Exercise directions>
From the material below, copy exactly the lines beginning with the one that contains "Расчеты с ее" and ending with the one that contains "Ürün Adı: Kretuar"; the pictures stay out.

Dataset content>
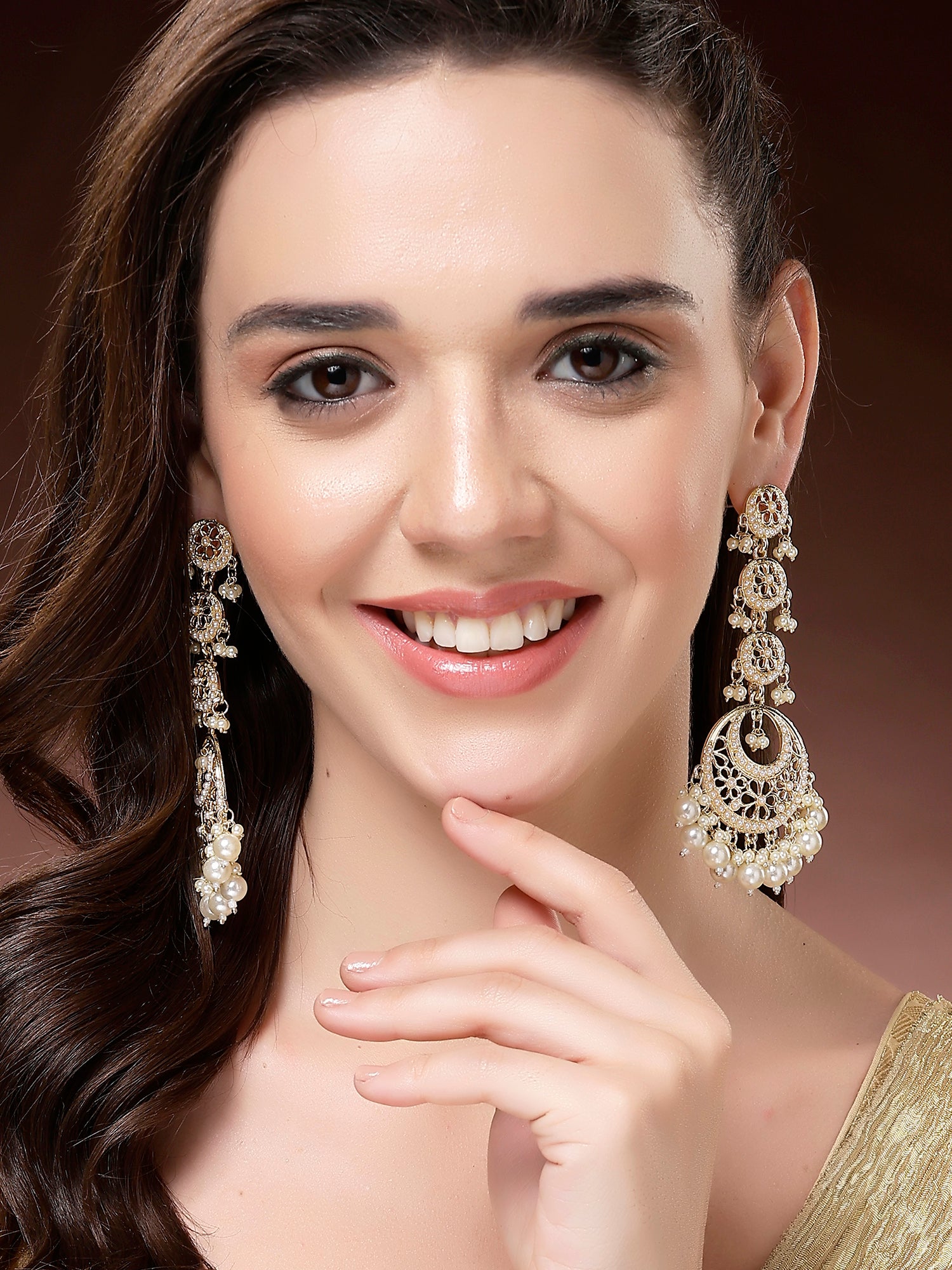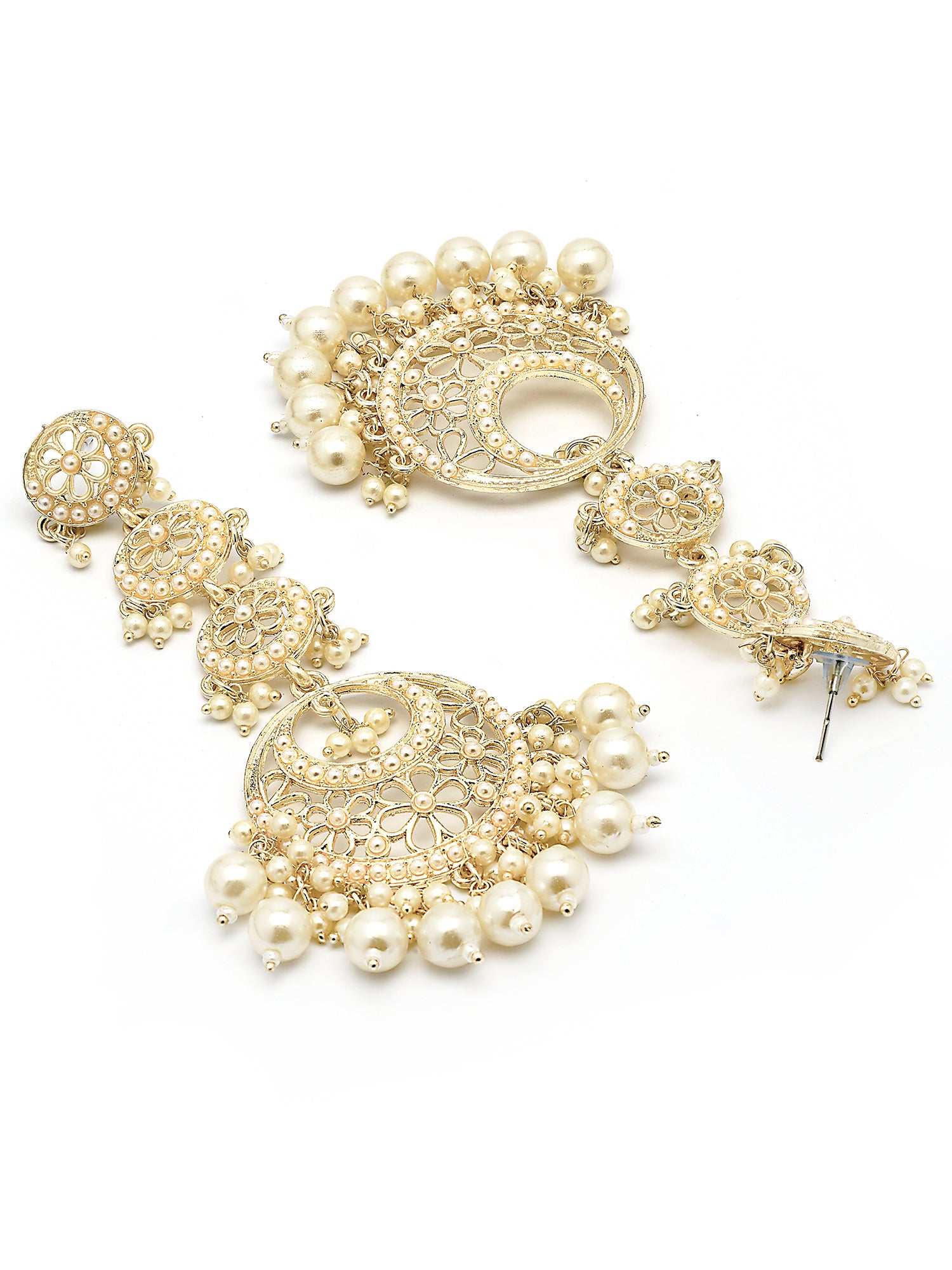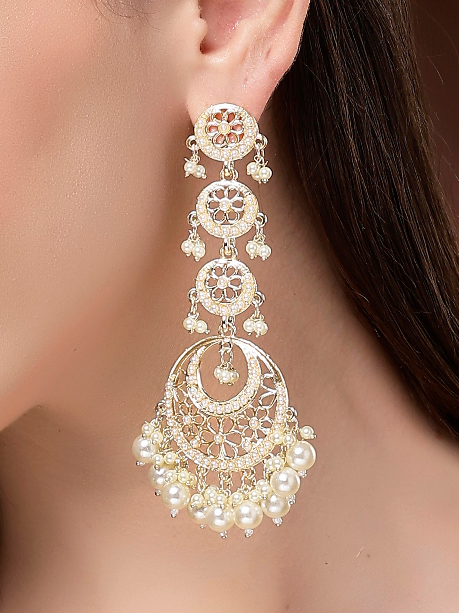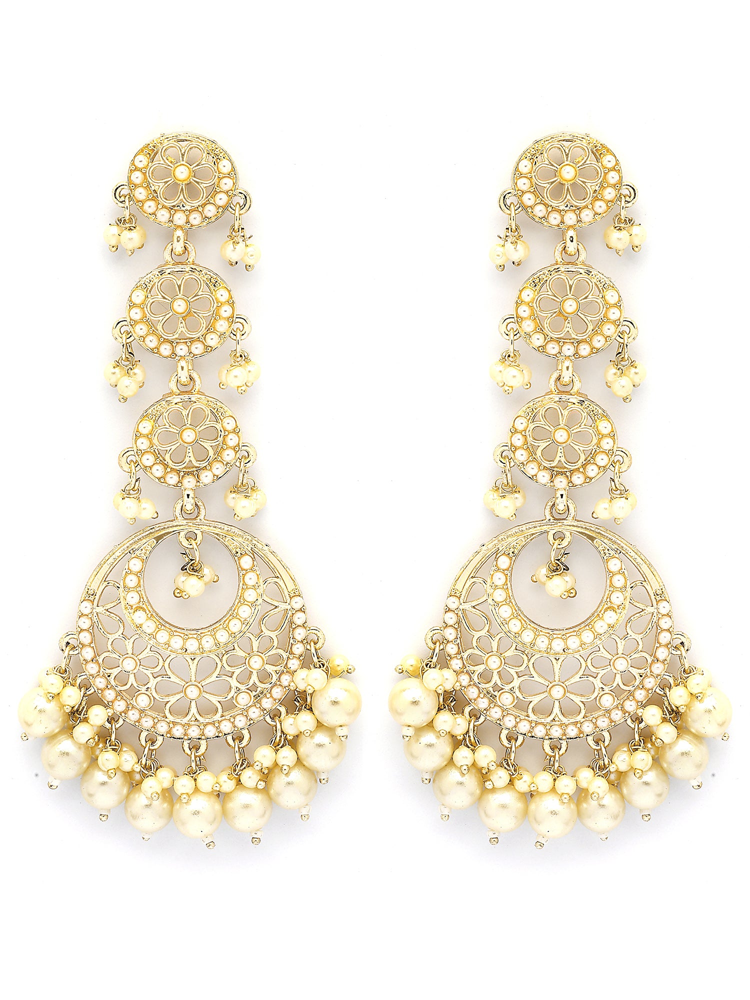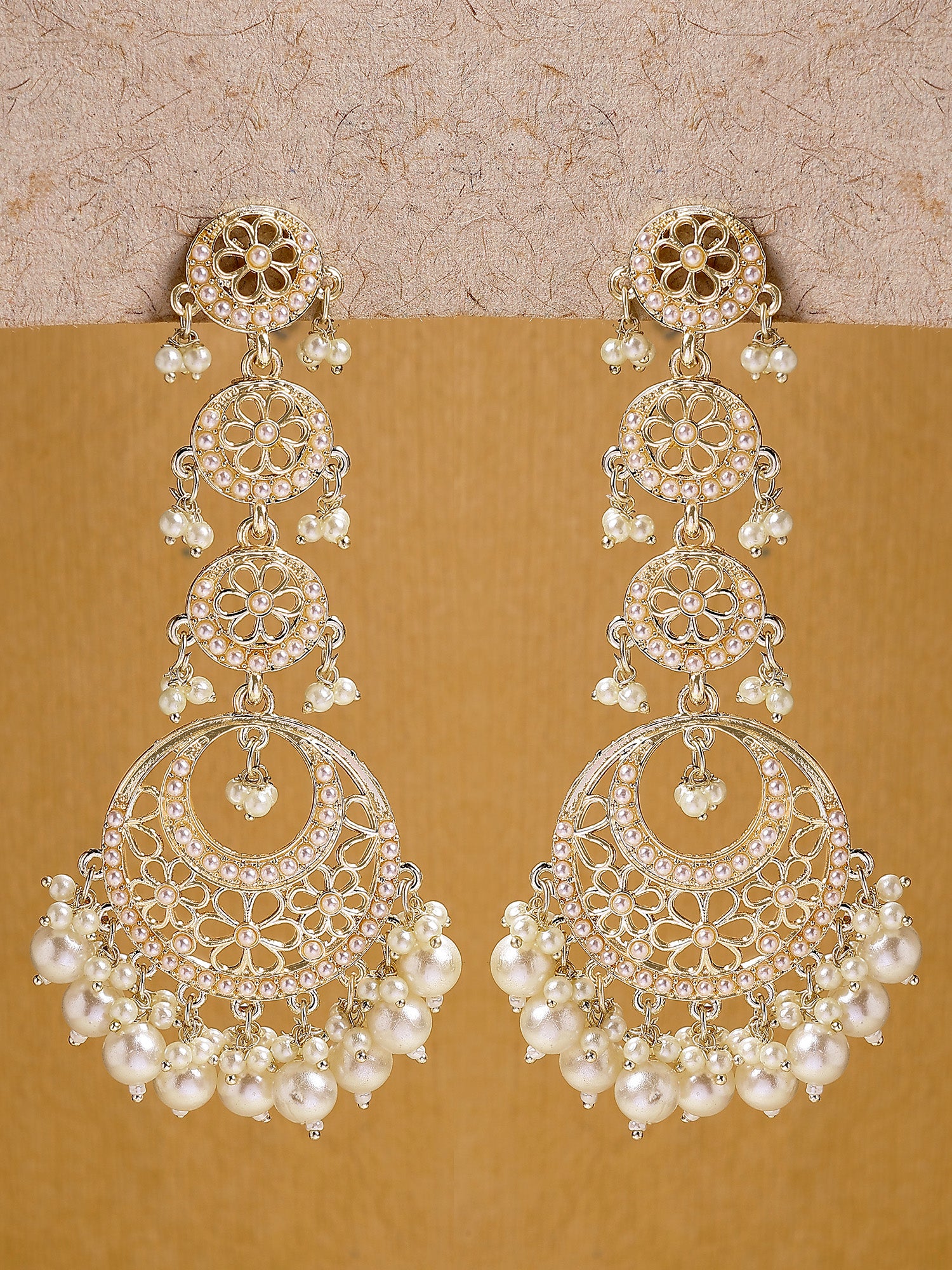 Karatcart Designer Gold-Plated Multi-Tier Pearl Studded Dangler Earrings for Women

* * *

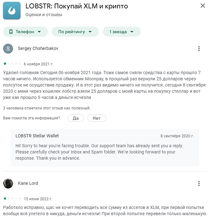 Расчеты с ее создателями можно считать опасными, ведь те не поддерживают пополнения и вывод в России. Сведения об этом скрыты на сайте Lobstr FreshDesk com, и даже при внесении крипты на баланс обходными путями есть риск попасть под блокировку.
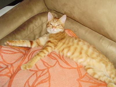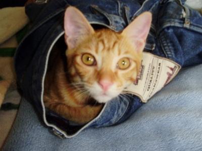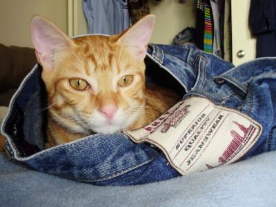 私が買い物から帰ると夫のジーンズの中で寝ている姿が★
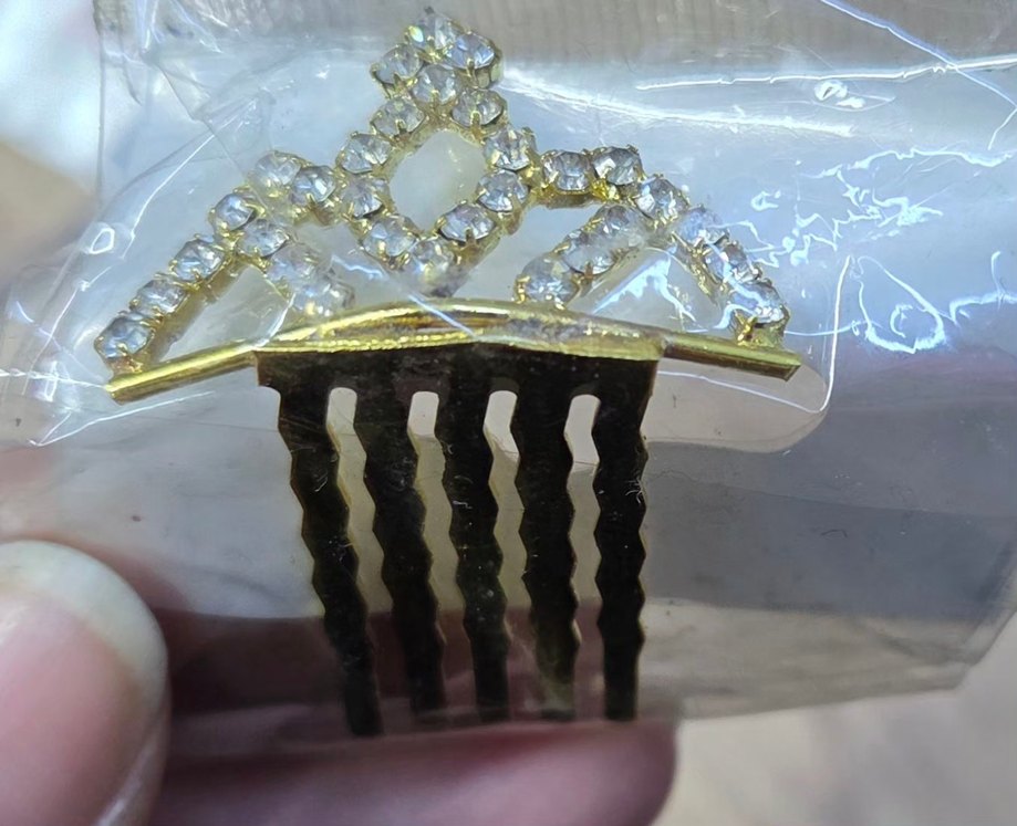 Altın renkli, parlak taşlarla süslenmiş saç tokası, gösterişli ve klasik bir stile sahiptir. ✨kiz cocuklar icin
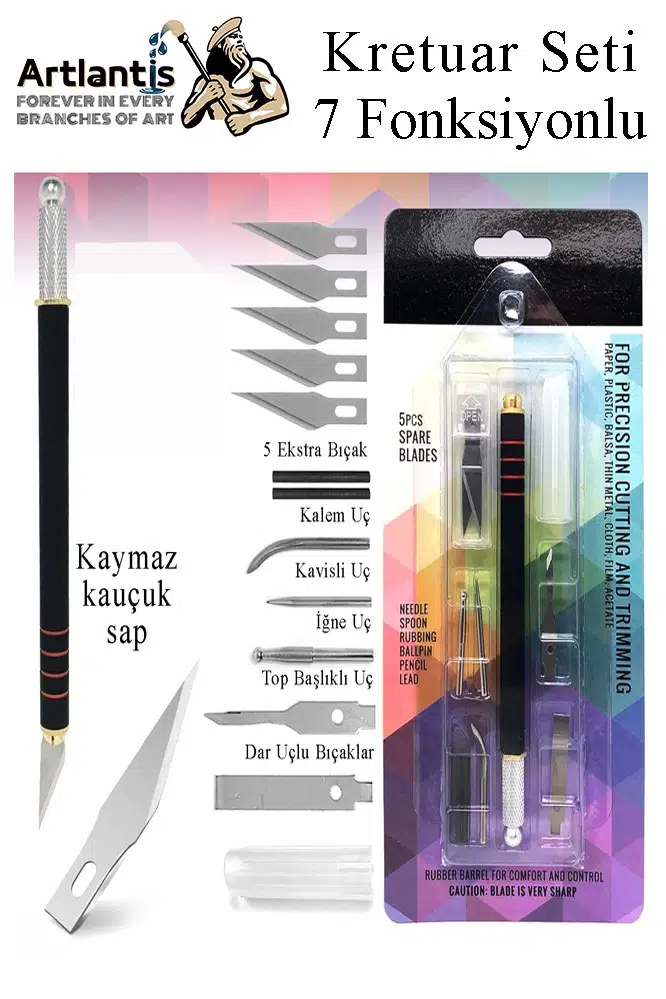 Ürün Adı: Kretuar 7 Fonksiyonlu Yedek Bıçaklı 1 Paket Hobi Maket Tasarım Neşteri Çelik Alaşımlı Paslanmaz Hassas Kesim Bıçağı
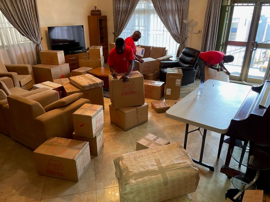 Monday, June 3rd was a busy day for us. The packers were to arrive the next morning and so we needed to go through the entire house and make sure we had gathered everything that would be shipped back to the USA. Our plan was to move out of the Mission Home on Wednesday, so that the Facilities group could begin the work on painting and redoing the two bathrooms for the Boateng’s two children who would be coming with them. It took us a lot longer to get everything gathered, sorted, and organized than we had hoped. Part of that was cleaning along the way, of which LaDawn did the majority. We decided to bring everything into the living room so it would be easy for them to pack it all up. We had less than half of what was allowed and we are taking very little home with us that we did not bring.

Answer for this exercise>
 Расчеты с ее создателями можно считать опасными, ведь те не поддерживают пополнения и вывод в России. Сведения об этом скрыты на сайте Lobstr FreshDesk com, и даже при внесении крипты на баланс обходными путями есть риск попасть под блокировку.
 私が買い物から帰ると夫のジーンズの中で寝ている姿が★
 Altın renkli, parlak taşlarla süslenmiş saç tokası, gösterişli ve klasik bir stile sahiptir. ✨kiz cocuklar icin
 Ürün Adı: Kretuar 7 Fonksiyonlu Yedek Bıçaklı 1 Paket Hobi Maket Tasarım Neşteri Çelik Alaşımlı Paslanmaz Hassas Kesim Bıçağı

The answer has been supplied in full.